WHAT NEEDS TO BE DONE: For the records that follow, please set down exactly the lines between the one holding "Durand France Luminarc" and the one holding "(2024.苏州中考)江苏省", inclusive, and only those.

MATERIAL SUPPLIED:
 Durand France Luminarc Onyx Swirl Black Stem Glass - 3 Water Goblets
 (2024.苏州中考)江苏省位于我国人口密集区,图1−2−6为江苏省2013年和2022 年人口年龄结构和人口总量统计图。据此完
--
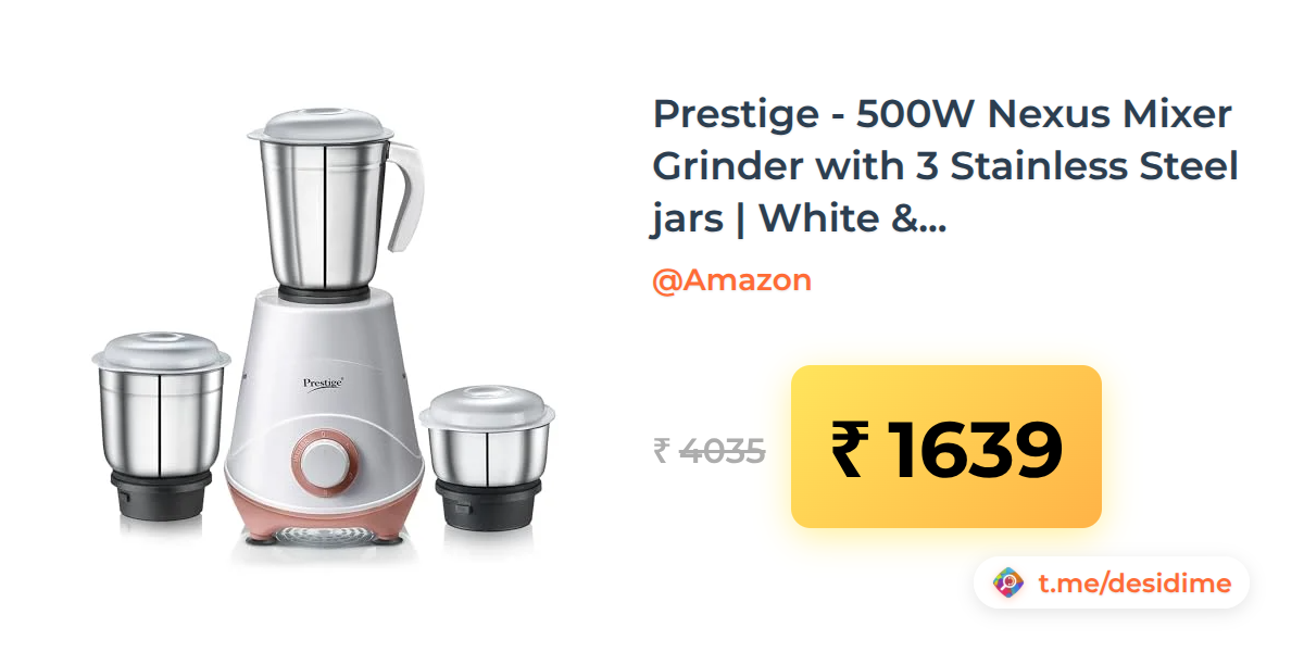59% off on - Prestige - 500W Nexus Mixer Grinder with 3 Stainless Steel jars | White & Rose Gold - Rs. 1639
==
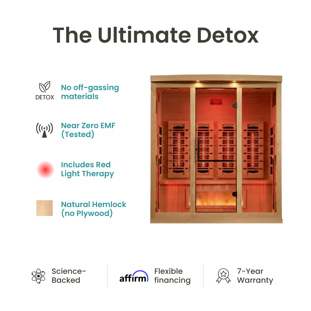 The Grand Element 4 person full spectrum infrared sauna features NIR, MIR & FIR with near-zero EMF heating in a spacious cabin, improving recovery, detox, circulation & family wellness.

COMPLETED TASK:
 Durand France Luminarc Onyx Swirl Black Stem Glass - 3 Water Goblets
 (2024.苏州中考)江苏省位于我国人口密集区,图1−2−6为江苏省2013年和2022 年人口年龄结构和人口总量统计图。据此完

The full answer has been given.